Whatsamatter?
Scared?
When
former D&D Brand Manager Keith Strohm
came to work at TSR in Lake Geneva, he and
I became fast friends. He was really looking
to get into a D&D game, but (although
it seems strange to me now) I wasn't running
one at the time. Then I was getting ready
to run a Call of Cthulhu game. I was
looking for players who would really focus
on roleplaying, and I could tell Keith would
fit that bill.
(As a digression... the current Another
Rant has made some readers think that
I advocate treating all gamers equally and
letting anyone into your game and respecting
them no matter how they play. Nothing
could be further from the truth. I'm terribly
picky about who plays in my games. I only
want to game with certain types of people.

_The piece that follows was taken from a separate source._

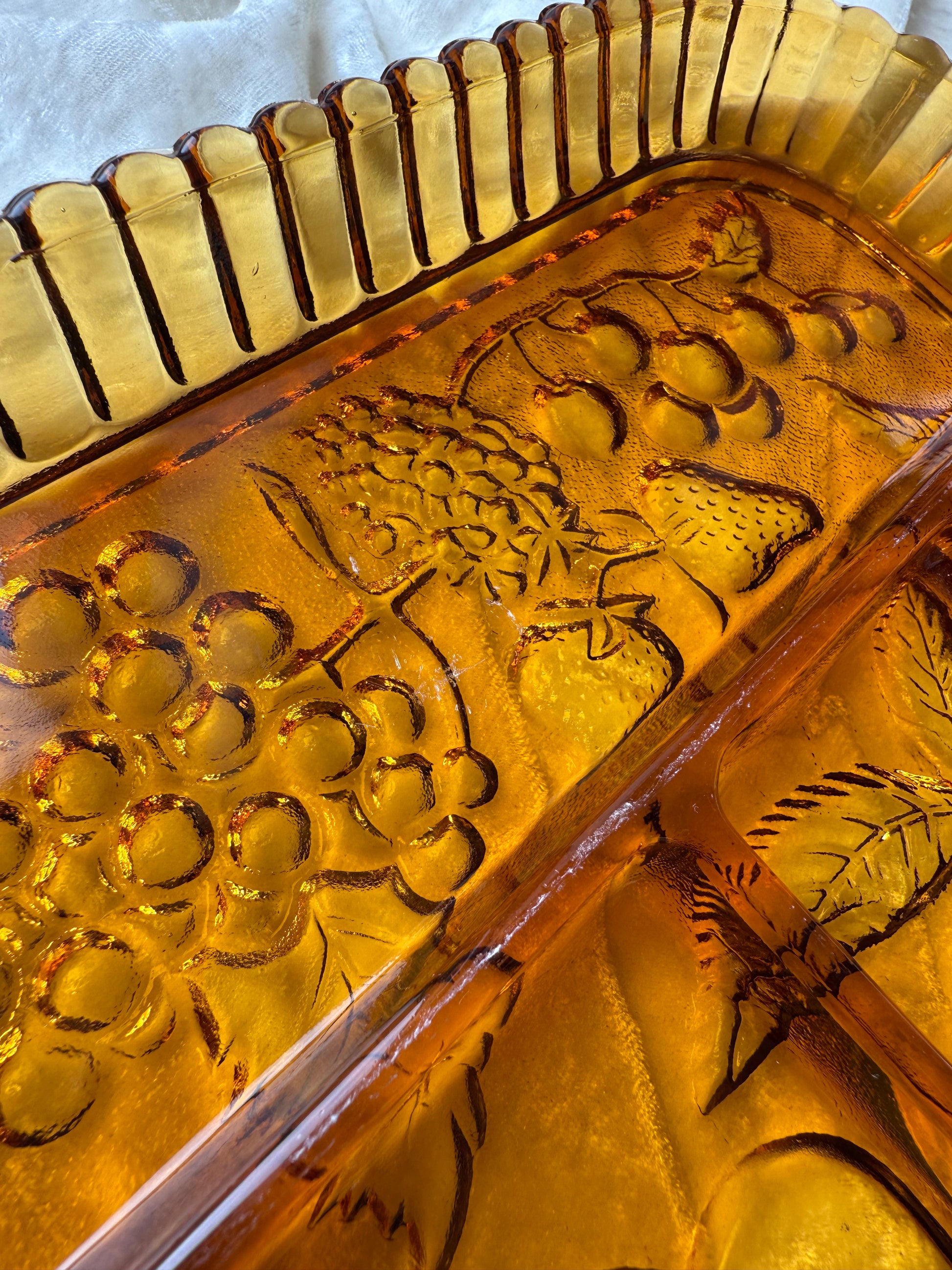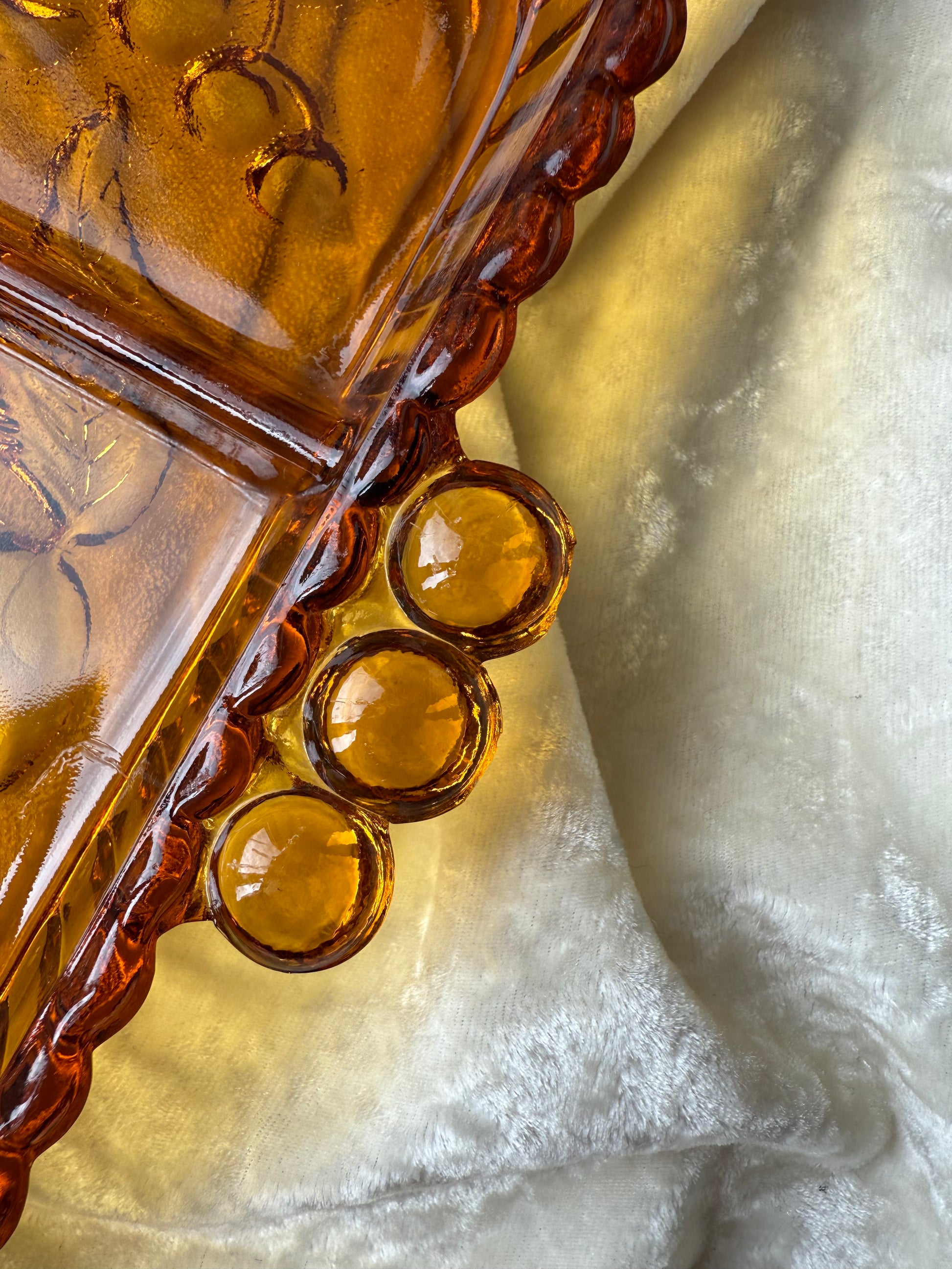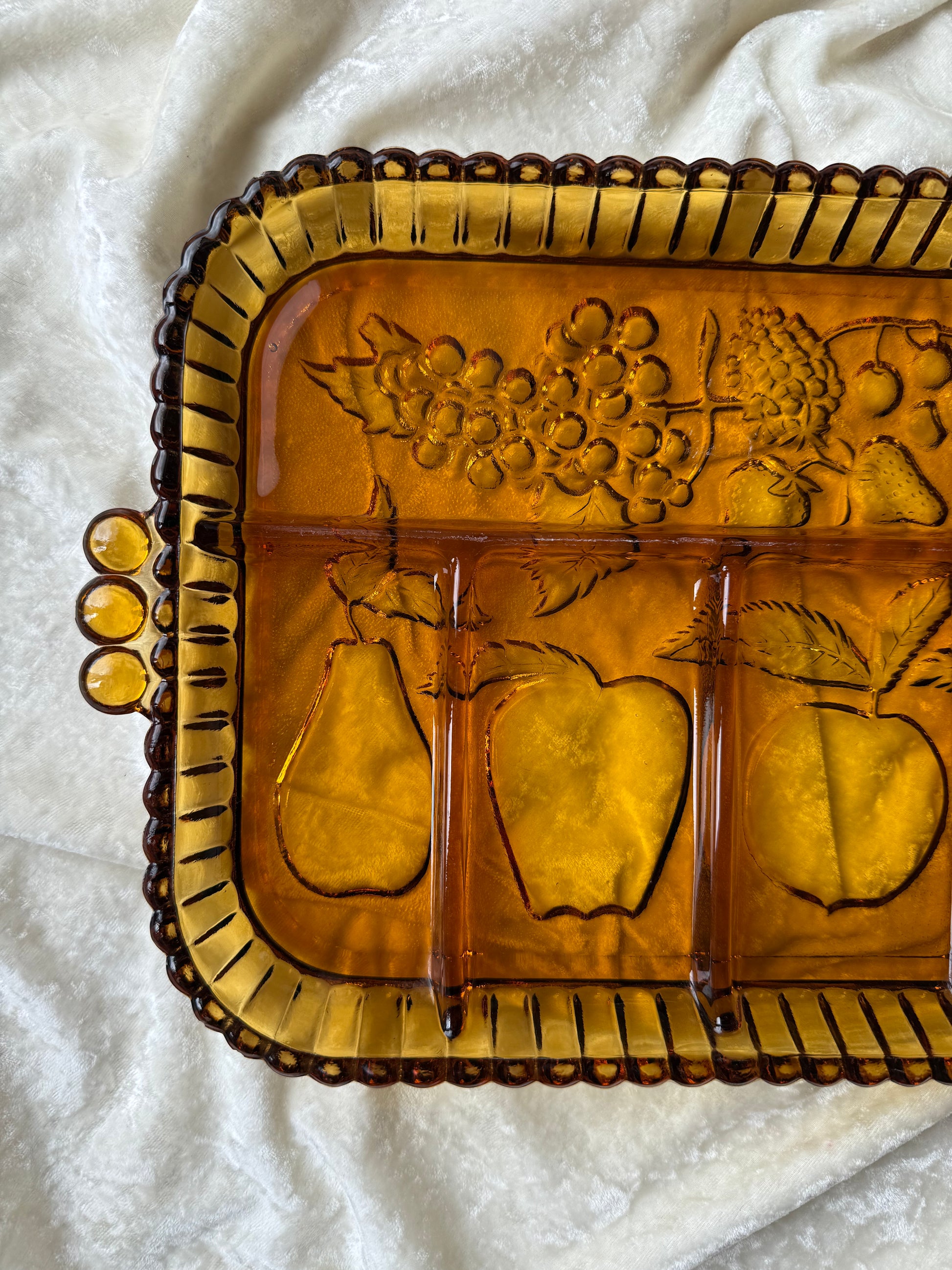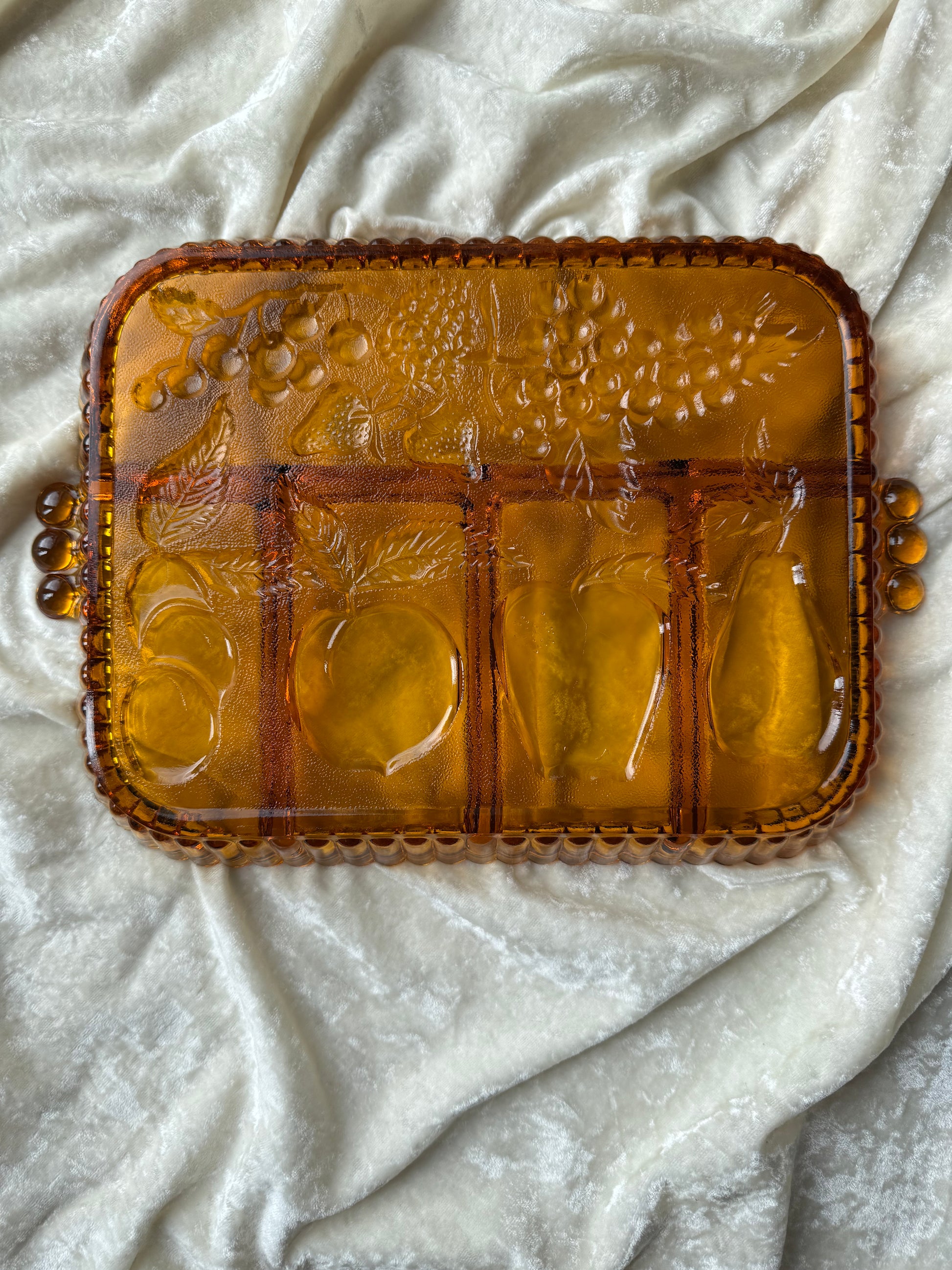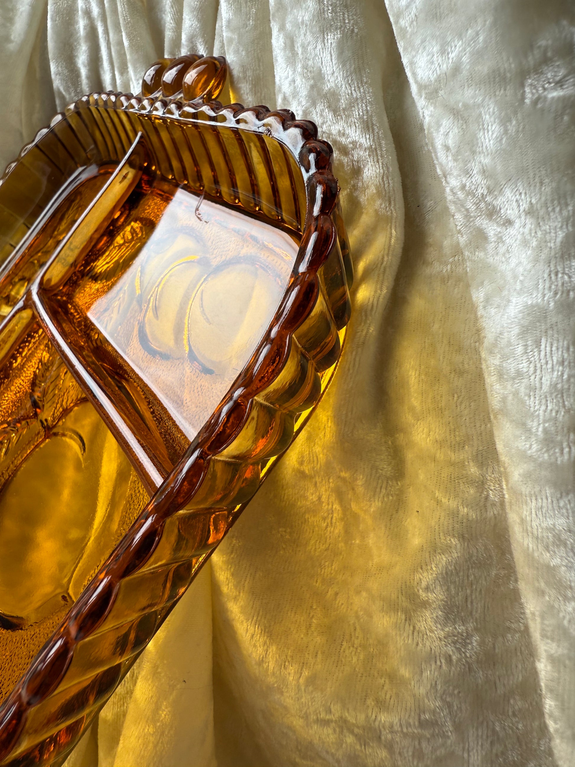 Plateau en verre jaune / ambré compartimenté Indiana Carnival Glass

I don't criticize those who play differently
than me -- but I don't want them anywhere
near my game table. End digression.)
So I invited Keith to join in the game. He,
on the other hand, was very leery. When I
asked him why, he said that he didn't like
the idea of a horror roleplaying game. He
didn't think that a game could be scary.
Heh
heh heh, I thought. Fresh meat.
I
convinced Keith to join in anyway. By the
end of the first session, Keith was so unnerved
that he had trouble sleeping that night. Now,
at the time, I lived in a 100-year-old church
next to a graveyard (no, I'm not making this
up). Keith lived a fair distance away, so
he would stay with us on game nights and go
straight to work the next morning (technically
he stayed with Bruce Cordell, who also was
in the game and lived in the basement that
we turned into an apartment, but now I'm rambling
about my personal life and you don't care).
It
wasn't long before Keith started telling us
that he saw and heard strange things in the
house at night. While I'm not a complete skeptic,
I suspected that these experiences had more
to do with the frightening nature of the game
than anything actually supernatural going
on.
The
point is, Keith quickly became a believer.
Games can be scary. (I have many memorable
Cthulhu gaming stories from over the years
-- most of them involving Keith. Maybe I'll
share some of them in later columns.)
Fast
forward to today. For months -- almost a year,
in fact -- I've been working off-and-on-again
on d20 Call of Cthulhu. Before that,
I played the original Call of Cthulhu
game all the time. I took people through one-shot
adventures as well as running two campaigns;
one lasted about a year, and another closer
to two years.
I'm
still surprised, however, at how many gaming
professionals I've spoken with about CoC who
don't believe a game can actually be scary.
They contend that the best you can hope for
is to get a group of players who are good
at roleplaying and will pretend to be scared.
They contend that a group of adults, sitting
around a table, laughing, eating chips, and
drinking sodas in a nice, bright, warm home
can't possibly get scared. Getting scared
would mean they believe what's going on is
real, and everyone knows that only a lunatic
would believe the events in an RPG are real.
Hmm.
A good horror movie can scare you. A roller
coaster can scare you. But you know that those
things aren't real, and that they present
no real danger, right? You can achieve the
same sort of thing with a game. Remember when
you were a kid, and you sat around a campfire,
or in your bedroom at night with only a flashlight
on, and someone was telling a ghost story
or one of those urban legends about the guy
with a hook for a hand? Remember that feeling?
A game master can indeed instill that feeling
in players.
Here
are a few very basic tips on how to instill
a mood of horror:
Turn
off the lights. Play with only dim lighting
or even by candlelight. Avoid making it so
dim that players can't read their character
sheets or are encouraged to nod off (you laugh,
but it can happen).
Make
the players sit with their back to an open
area rather than a wall. You can accomplish
this simply by not closing the door into the
room you play. Make sure that an area behind
them is dark. Every once in a while, glance
into that area or through the door as if you
saw or heard something. Do this subtly, then
go back to whatever you were doing. Don't
do it so much that the players actually ask
you what's wrong. Do it so that they unconsciously
start to wonder what's going on behind them.
Do
something sudden and dramatic when things
are at their creepiest. After describing
what the PCs see as they wander around the
old warehouse, examining the strange things
they find there, SHOUT the appearance of the
monster. Blow out the candles or turn off
the lights. Drop a book on the floor. It's
a cheap scare, but it'll produce dramatic
reactions in your players. They'll also start
to wonder what you're going to do next to
scare them -- and that will scare them all
by itself.
These
are only a few suggestions. But they'll get
you started. And remember, you don't have
to play Call of Cthulhu to introduce
horror aspects in your game. You can make
an evening of D&D or Star Wars
or whatever game you play one of creepy tension
by incorporating one or two of these techniques.